State and Snapshots

This page looks at the state held in the Clustered Service. More specifically, it looks at the state that is important enough that it needs to be written to a snapshot and reloaded at startup.

The overall snapshotting process is described later in Snapshots.

We'll look at the state based on the contents of the snapshot.

Snapshots¶

The ClusteredServiceAgent takes snapshots using a ServiceSnapshotTaker and loads them using a ServiceSnapshotLoader. Snapshots start with state from the ClusteredServiceAgent, followed by application state from the ClusteredService.

The outline of a snapshot is as follows. Each part is described below.

ClusteredServiceSnapshot {
    SnapshotMarker (START)
    ClientSession            // one for each client session
    SnapshotMarker (END)     // same content as the start marker
    ClusteredService         // application state
}

SnapshotMarker¶

This is used to mark the start and end of a snapshot. It is also used in Consensus Module snapshots.

SnapshotMarker {
    typeId            long              // 2 for a ClusteredService (1 for the Consensus Module)
    logPosition       long              // Log position at which the snapshot was taken
    leadershipTermId  long              // current leadership term when the snapshot was taken
    index             int               // currently unused (hardcoded to 0)
    mark              SnapshotMark      // enum: BEGIN, SECTION, END
    timeUnit          ClusterTimeUnit   // enum: MILLIS, MICROS, NANOS
    appVersion        int               // application version, default 0.0.1 encoded into an int
}

SnapshotMark BEGIN and END identifies the marker type.

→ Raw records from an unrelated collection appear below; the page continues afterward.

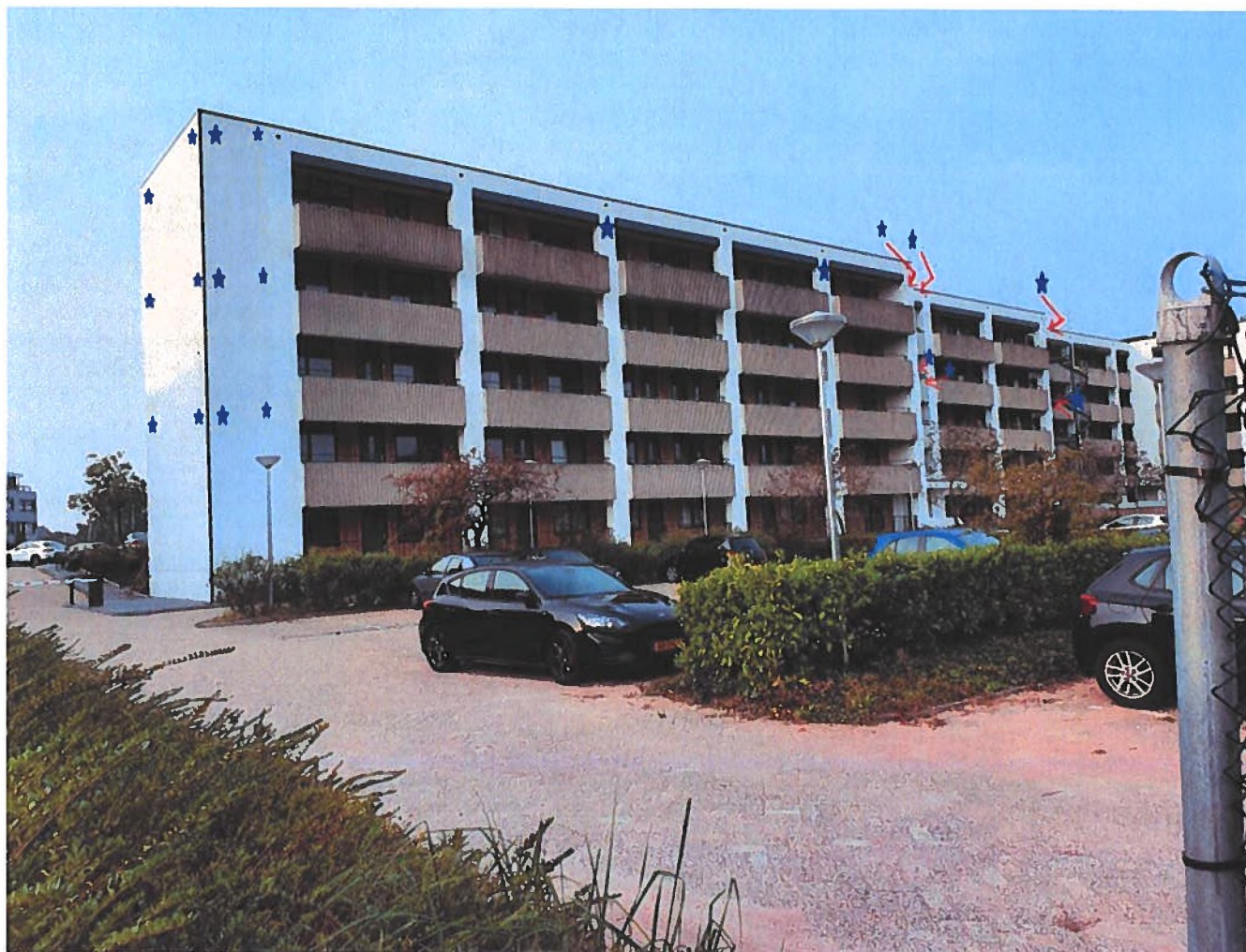
Figuur 1: Locaties tijdelijke alternatieve verblijfplaatsen voor de gewone dwergvleermuis in de vorm van 20 vleermuiskasten (blauwe sterren) gelegen aan de Amstellandlaan 84-86.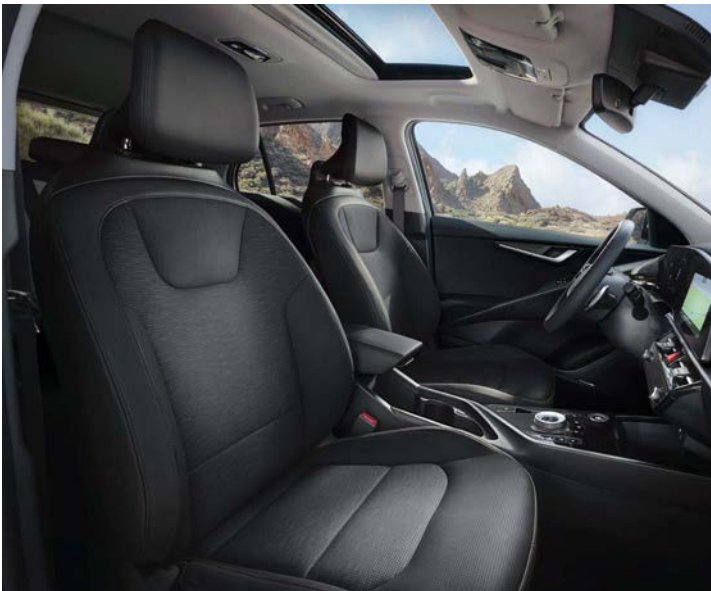
Sitzbezüge in hochwertiger Ledernachbildung, Charcoal (CCV) (Spirit)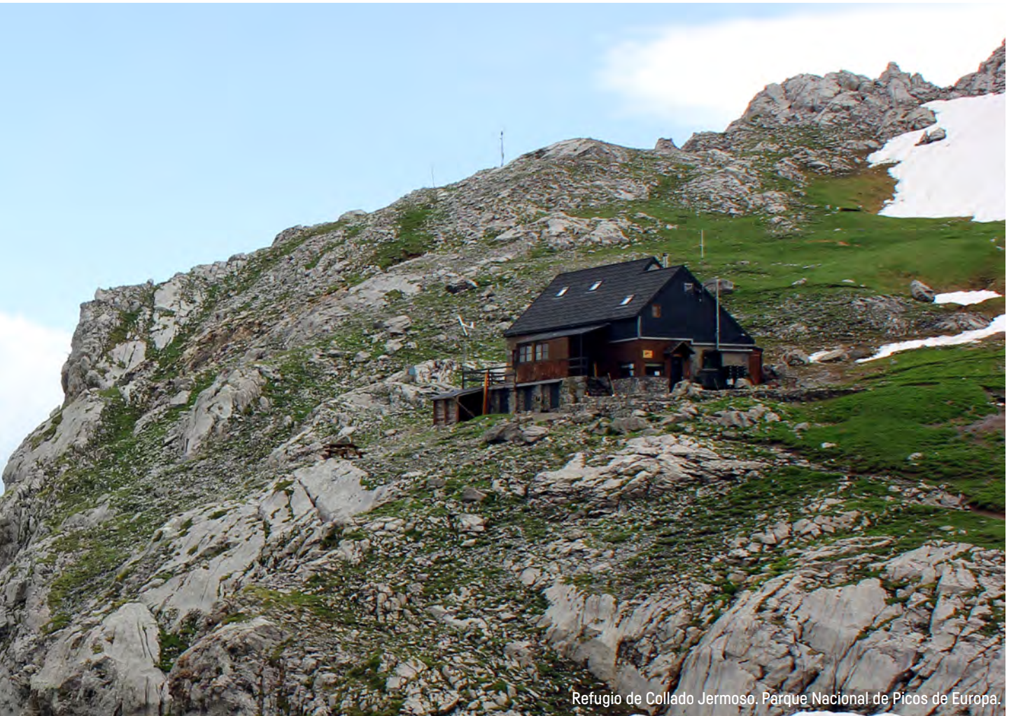
Refugio de Collado Jermoso. Parque Nacional de Picos de Europa.

En 2007, del 20 al 22 de abril, se celebró en Covadonga el IV Seminario de Espacios Naturales Protegidos y Deportes de Montaña, participando representantes de Federaciones de Montañismo y Gestores de Espacios Naturales Protegidos, pertenecientes a 12 Comunidades Autónomas. La mesa técnica sobre “Barranquismo en Espacios Naturales Protegidos” abordó un trabajo similar al planteado dos años antes sobre la escalada, si bien en este caso se afrontaba la solución a problemas localizados en lugares concretos de pocas comunidades autónomas. La mesa técnica sobre “Montañismo y educación ambiental” partió del acuerdo de que el montañismo ha estado ligado desde sus orígenes a un deseo de explorar y conocer el medio natural mediante la práctica de una actividad deportiva cuya esencia pasa por el respeto a la naturaleza y el aprendizaje de valores y actitudes que conducen al compromiso de los montañeros con la educación ambiental.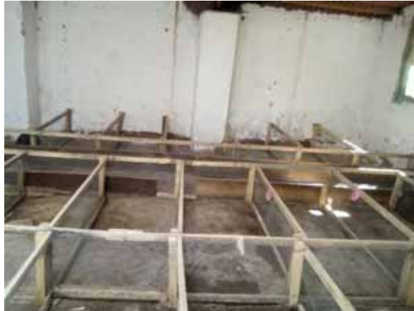
Figura 5- Pozas con camas de cascarilla de arroz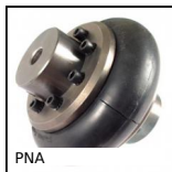
PNA PERIFLEX® elastic coupling, Complete coupling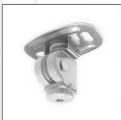
專利塑鋼導輪頂座

SECTION is currently unused.

appVersion is an application version number that your application can set in the ClusteredServiceContainer, should it wish to. It is a semantic version that defaults to 0.0.1.

ClientSession¶

ClientSession {
    clusterSessionId  long      // its session id
    responseStreamId  int       // Egress streamId
    responseChannel   String    // Egress channel
    encodedPrincipal  byte[]    // from the SessionOpenEvent
}

Unlike the Consensus Module, the Clustered Service writes all of its ClientSessions to the snapshot.

ClusteredService¶

When taking a snapshot, the ClusteredServiceAgent writes its own state to a snapshotPublication, then asks the ClusteredService to continue, by writing application state in onTakeSnapshot().

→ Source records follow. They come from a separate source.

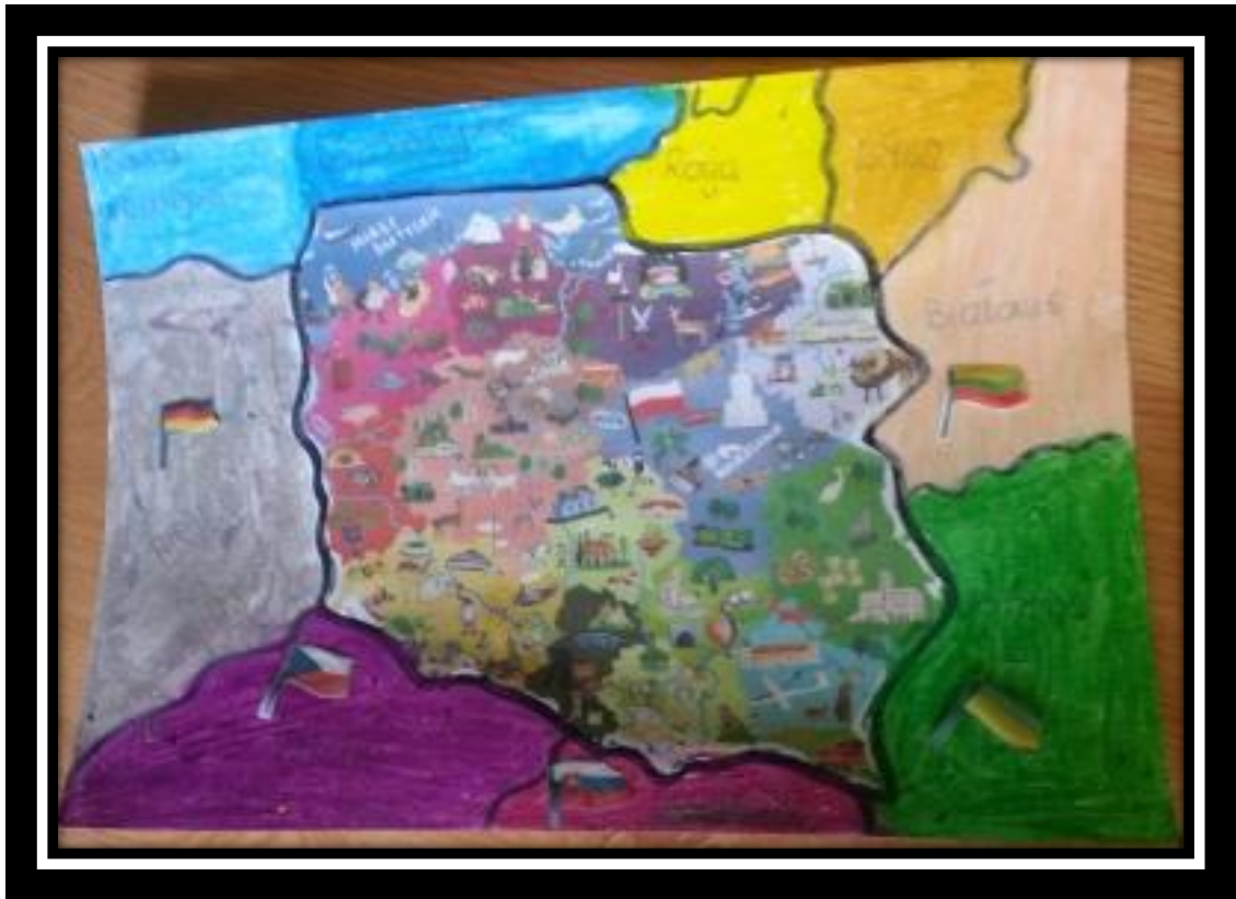
Praca wykoanana przez uczennicę Anitę Rylską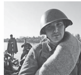
Участник реконструкции «Невский пятачок»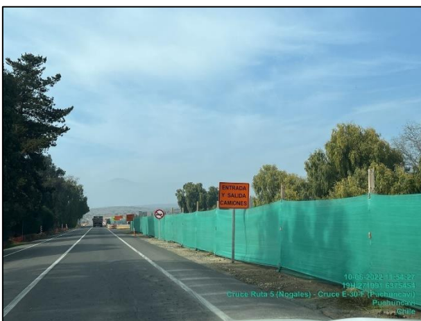
Figura 13: Medida de mitigación de malla raschel en Sector 1 comprendido entre el dm 25.500 al 25.260 margen izquierdo.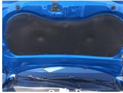
Imagen - 11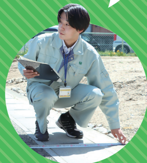
令和4年入庁 道路整備課職員

技術職は、市の道路や建物、施設を新しく作ったり、直したり、維持管理したりする仕事です。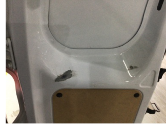
Bagaj kapağı/kapısı, Bagaj kapısı, sağ > Çizik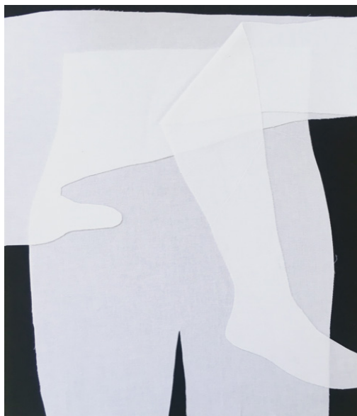
Gerda Scheepers, Fabric Actors, (1) 2017 Fabric collage, 78 × 56 cm.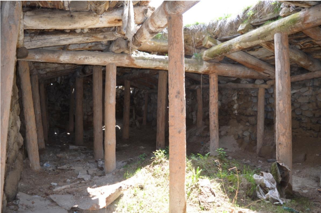
სურ. 2.14 ნოდარ ხაზალაშვილის საბძელი. 2019 წ.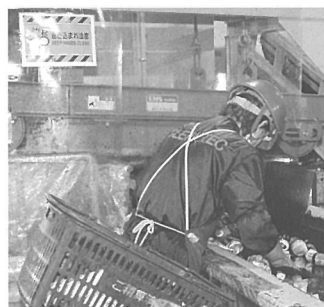
左上レーンにはビニールシートと巻き込まれ注意ポスター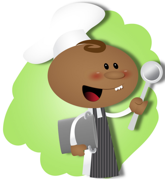
りょうり 料理のシェフ

    void onTakeSnapshot(ExclusivePublication snapshotPublication);

The opposite happens when loading the snapshot. This happens once, when the Cluster member starts. If there is a snapshot, the ClusteredServiceAgent starts by loading its state. When it calls onStart(), it passes the snapshotImage at the correct position for it to continue by loading its application state.

    void onStart(Cluster cluster, Image snapshotImage);

ClusteredService snapshot format¶

The ClusteredService is free to use whatever format it likes for snapshotting its state. It can use generated codecs like Aeron Cluster, or write a huge JSON string. Aeron Cluster doesn't care.

As a recommendation, what I have seen work best is to separate the application state from its snapshot representation. For example, the application may have a map of Accounts, keyed by accountId. If an Account contains its own accountId, there is no need to represent the map in the snapshot. Accounts can be written out in a list and the map can be rebuilt when the snapshot is loaded.

It is useful to have an explicit model for the snapshot representation, ideally something generated from a schema, like SBE. Then you can represent different versions of the objects in the snapshot. You might support versions 3 and 4 of an Account, so you can load an Account with version 3 and write it out to the next snapshot as version 4. Older versions can be deleted when they are no longer used.